Question

In a reaction $2{\text{A}} \to {\text{products}}$ , the concentration of A decreases from $0.5{\text{mol}}{{\text{L}}^{ - 1}}$ to $0.4{\text{mol}}{{\text{L}}^{ - 1}}$ in 10 minutes. Calculate the rate during this interval.

Answer 1

Rate of reaction is equal to change in concentration of reactant or product with respect to interval of time and divide by their respective stoichiometric coefficient. It is also the instantaneous rate of formation of product in the reaction.

Complete step by step answer:
Rate of a reaction is defined as the rate of change of concentration of any of the reactants or the product in a given time. Rate of reaction with respect to reactant is defined as the rate at which reactant is converted into product. Rate of reaction in terms of reactant can be represented as:
${\text{rate of reaction}} = - \dfrac{{{\text{change in concentration of reactant}}}}{{{\text{time interval}}}}$ ,
A negative sign is used to show the concentration of reactant keeps on decreasing with time and as rate of reaction cannot be a negative value. Minimum value of rate of reaction is zero when the reaction is stopped. Similarly, rate of reaction in terms of product is written as:
${\text{rate of reaction}} = \dfrac{{{\text{change in concentration of product}}}}{{{\text{time interval}}}}$ ,
which indicates concentration of product increases with time.
For example: ${\text{mA}} + {\text{nB}} \to {\text{xC}} + {\text{yD}}$ reaction is given in which m moles of A react with n moles of B to give x mole of C and y mole of D. For this reaction rate or rate of reaction can be given as: ${\text{rate}} = - \dfrac{1}{{\text{m}}}\dfrac{{{\text{d}}\left[ {\text{A}} \right]}}{{{\text{dt}}}} = - \dfrac{1}{{\text{n}}}\dfrac{{{\text{d}}\left[ {\text{B}} \right]}}{{{\text{dt}}}} = \dfrac{1}{{\text{x}}}\dfrac{{{\text{d}}\left[ {\text{C}} \right]}}{{{\text{dt}}}} = \dfrac{1}{{\text{y}}}\dfrac{{{\text{d}}\left[ {\text{D}} \right]}}{{{\text{dt}}}}$ .
Such rate of reaction is known as instantaneous rate of reaction.
Now as given in question, $2{\text{A}} \to {\text{products}}$ , , the concentration of A decreases from $0.5{\text{mol}}{{\text{L}}^{ - 1}}$ to $0.4{\text{mol}}{{\text{L}}^{ - 1}}$ in 10 minutes. Rate of this reaction can be calculated as: ${\text{rate}} = - \dfrac{1}{2}\dfrac{{{{\left[ {\text{A}} \right]}_{{\text{final}}}} - {{\left[ {\text{A}} \right]}_{{\text{initial}}}}}}{{{\text{time interval}}}}$ . By putting value we get: ${\text{rate}} = - \dfrac{1}{2}\dfrac{{0.4 - 0.5}}{{10}} = 0.005{\text{mol}}{{\text{L}}^{ - 1}}{\text{mi}}{{\text{n}}^{ - 1}}$ .

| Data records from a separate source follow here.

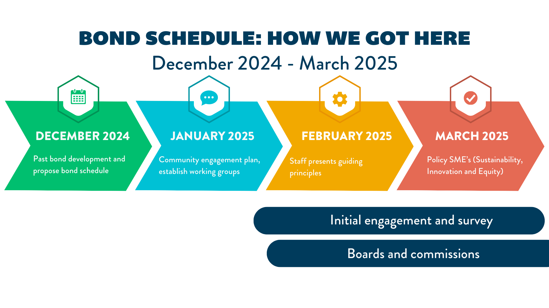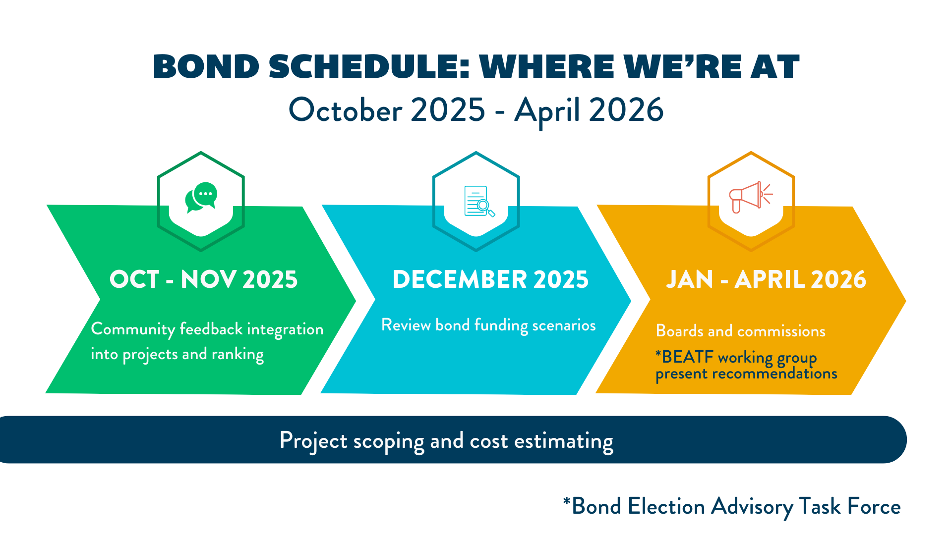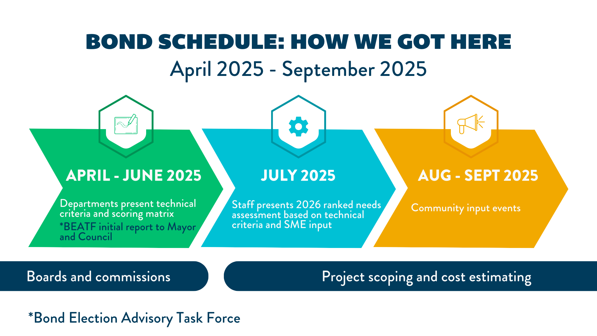On August 29, 2024, City Council approved Resolution 20240829-138, which established the Bond Election Advisory Task Force (BEATF). A Bond Election Advisory Task Force is established to identify and prioritize bond funding for projects that will address infrastructure needs including climate investment opportunities necessary to implement a comprehensive climate implementation program. The Task Force is composed of 22 members: two appointees by each Council Office. The BEATF recommended a 2026 Bond Election. City staff developed an Infrastructure Needs Inventory list. Once the City’s Needs Inventory is ranked and prioritized, a recommended list of capital projects is vetted through the Bond Election Advisory Task Force before finalizing and presenting to City Council.
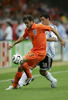 Maxi Rodriguez (front) is challenged by Dutch midfielder Phillip Cocu in
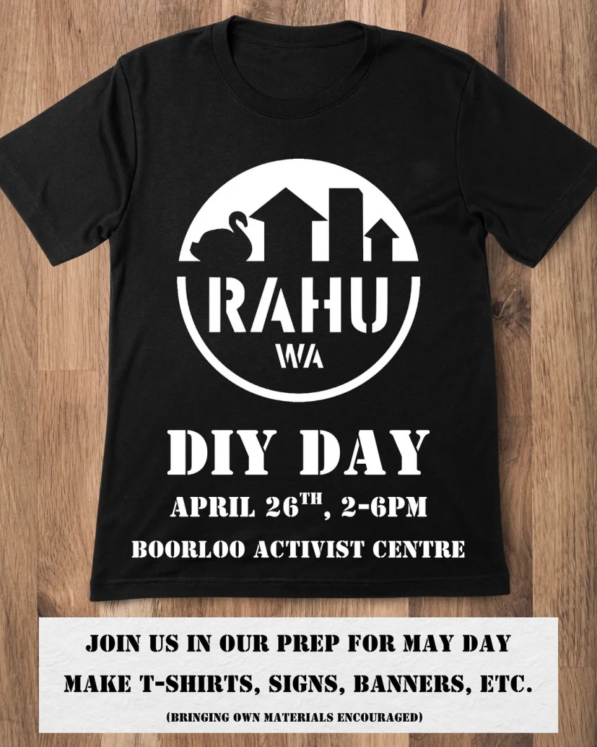 RAHU WA DIY day. Join us as we do a bunch of crafts and DIY some RAHU t-shirts. All are welcome. We are making a bunch of stuff for our May Day stall and the march.
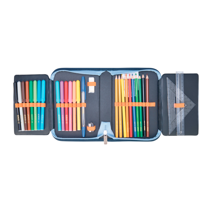 Peračník 2-klopý s výbavou, vnútorná podšívka: farebná. Výbava: 14 fixiek, 8 šesťhranných pasteliek, 2 ceruzky šesťhranné, 1 plastové strúhadlo, 1 guma, 1 plastové pravítko 16 cm, 1 trojuholníkové pravítko, 1 guľôčkové pero, 1 rozvrh hodín, 1 vizitka. Dizajn: TechMech.
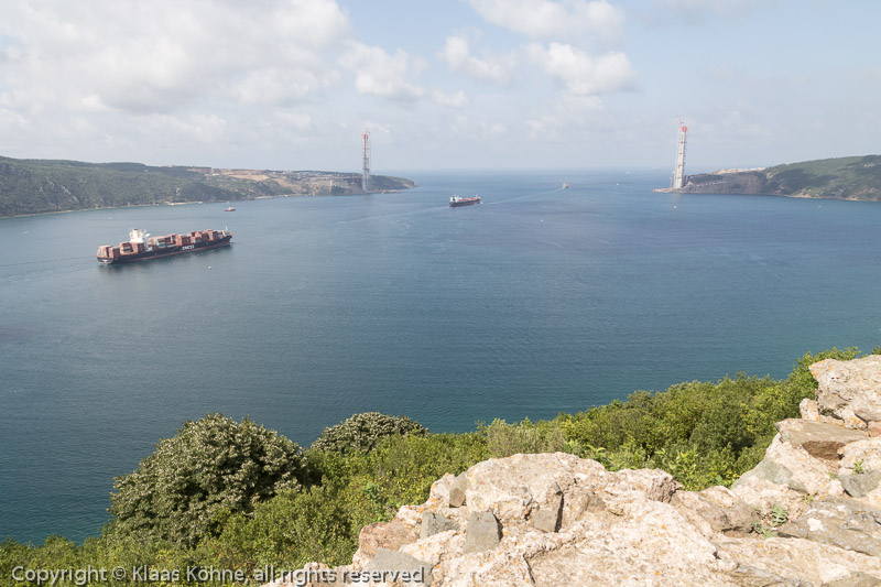 Blick über das nördliche Bosporusende. Die Brücke soll 2015 fertiggestellt werden und "Yavuz-Sultan-Selim-Brücke" heißen. Der Name "Erdogan-Brücke" hätte mich aber auch nicht überrascht...
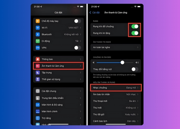 Bước 1: Mở ứng dụng “Cài đặt”, sau đó tìm và chọn mục “Âm thanh & Cảm ứng”. Tiếp theo, hãy bật cả hai tùy chọn “Rung khi đổ chuông” và “Rung khi im lặng”. Sau đó nhấn chọn mục “Nhạc chuông” và lựa chọn nhạc chuông mà bạn muốn sử dụng.
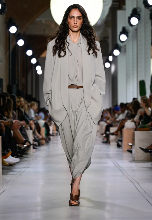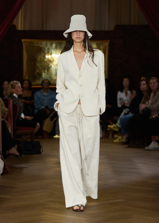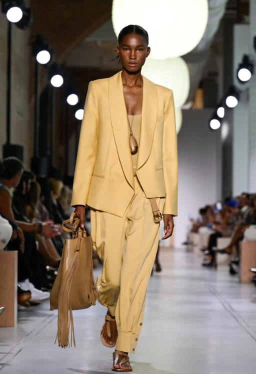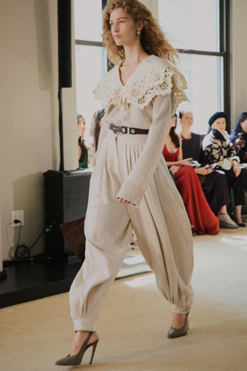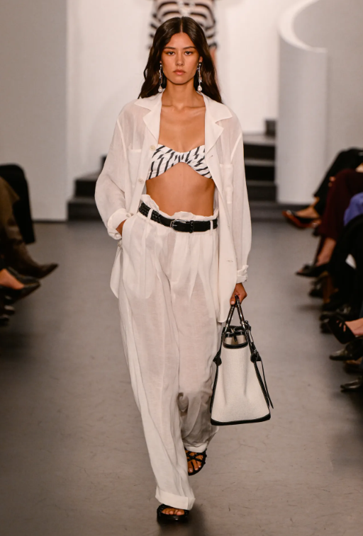 關鍵趨勢:?流線型極簡輪廓與輕盈層次定義本季。Altuzarra 和 Michael Kors 的氣球褲主導T臺,Khaite 的皮革軟跟鞋也呼應了這一輕松精致的風格。
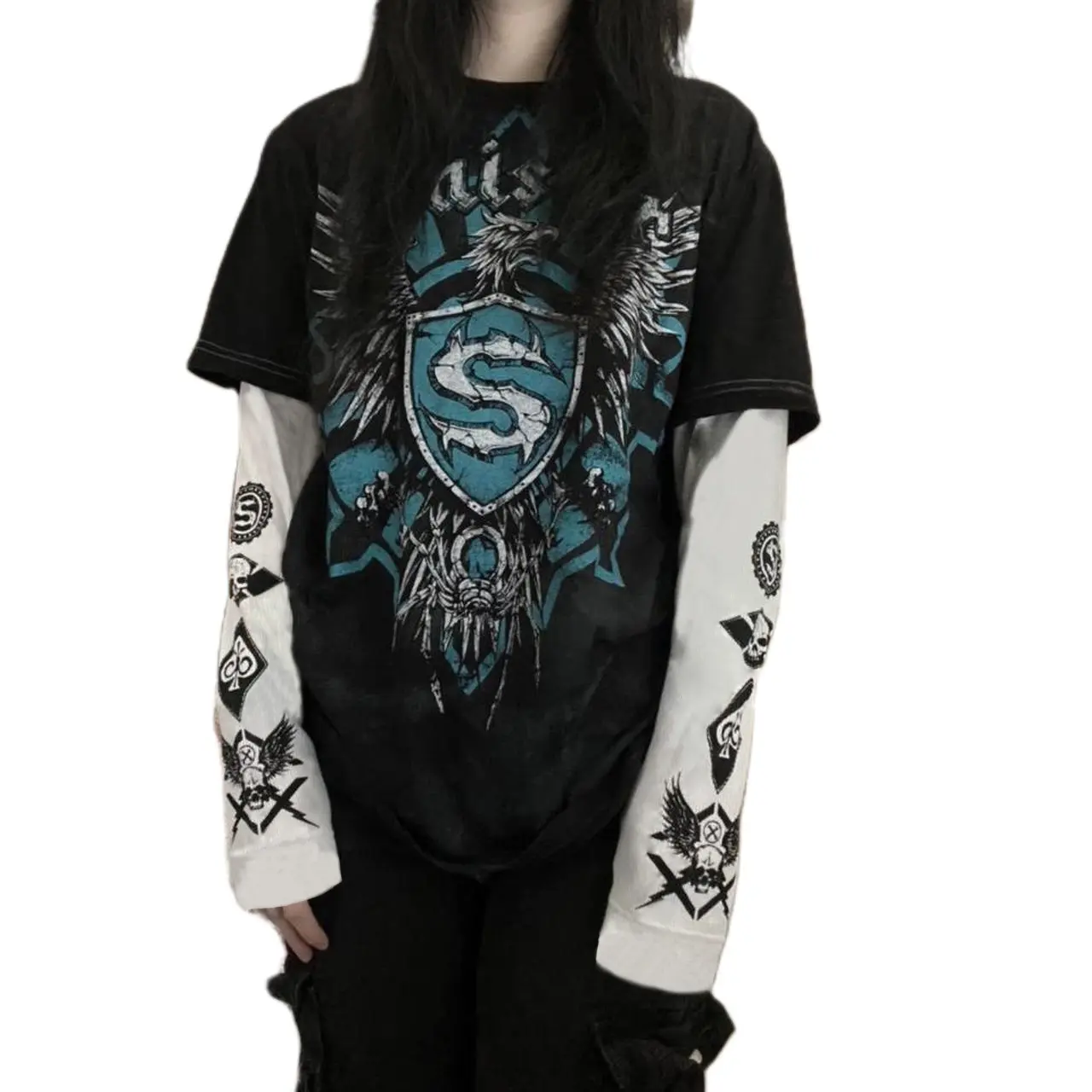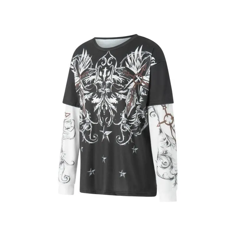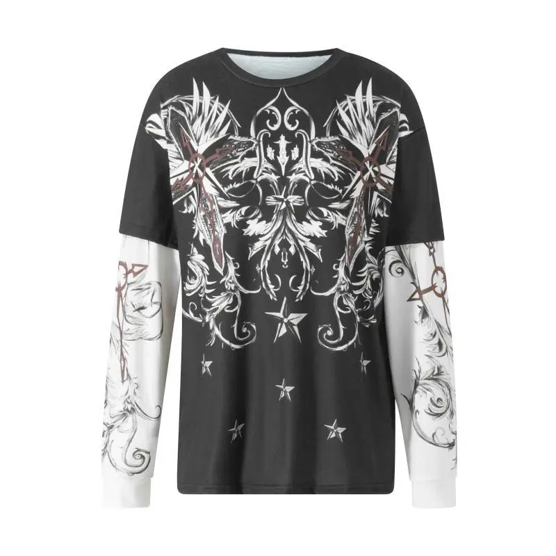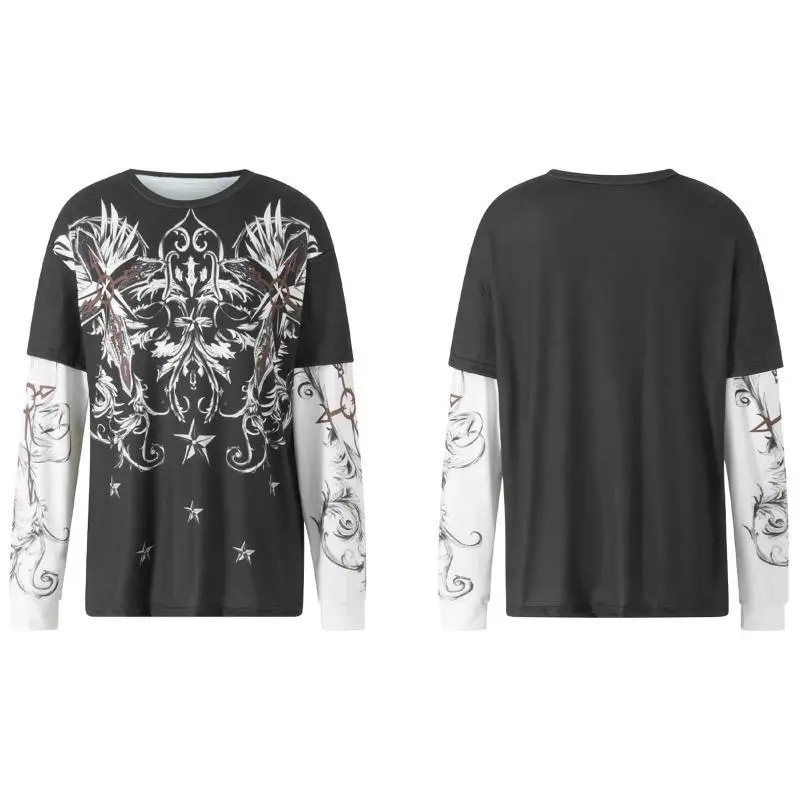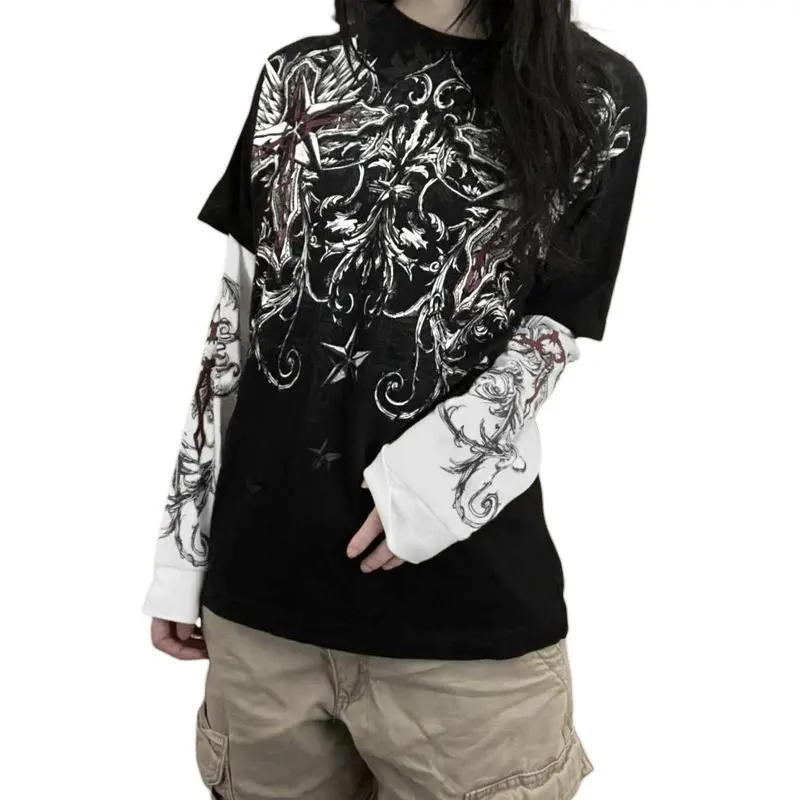 Women Fake Two-Piece T-Shirts,Y2K Vintage Graphic Print Round Neck Long Sleeve Shirts Fashion Gothic Loose Casual Streetwear

Thus, the correct answer is $0.005{\text{mol}}{{\text{L}}^{ - 1}}{\text{mi}}{{\text{n}}^{ - 1}}$ .
Note:
The order of the reaction with respect to some component is the power to which the concentration of the components is raised in rate law. Order is found by experiment only it cannot be deduced from the equation for a given balanced reaction.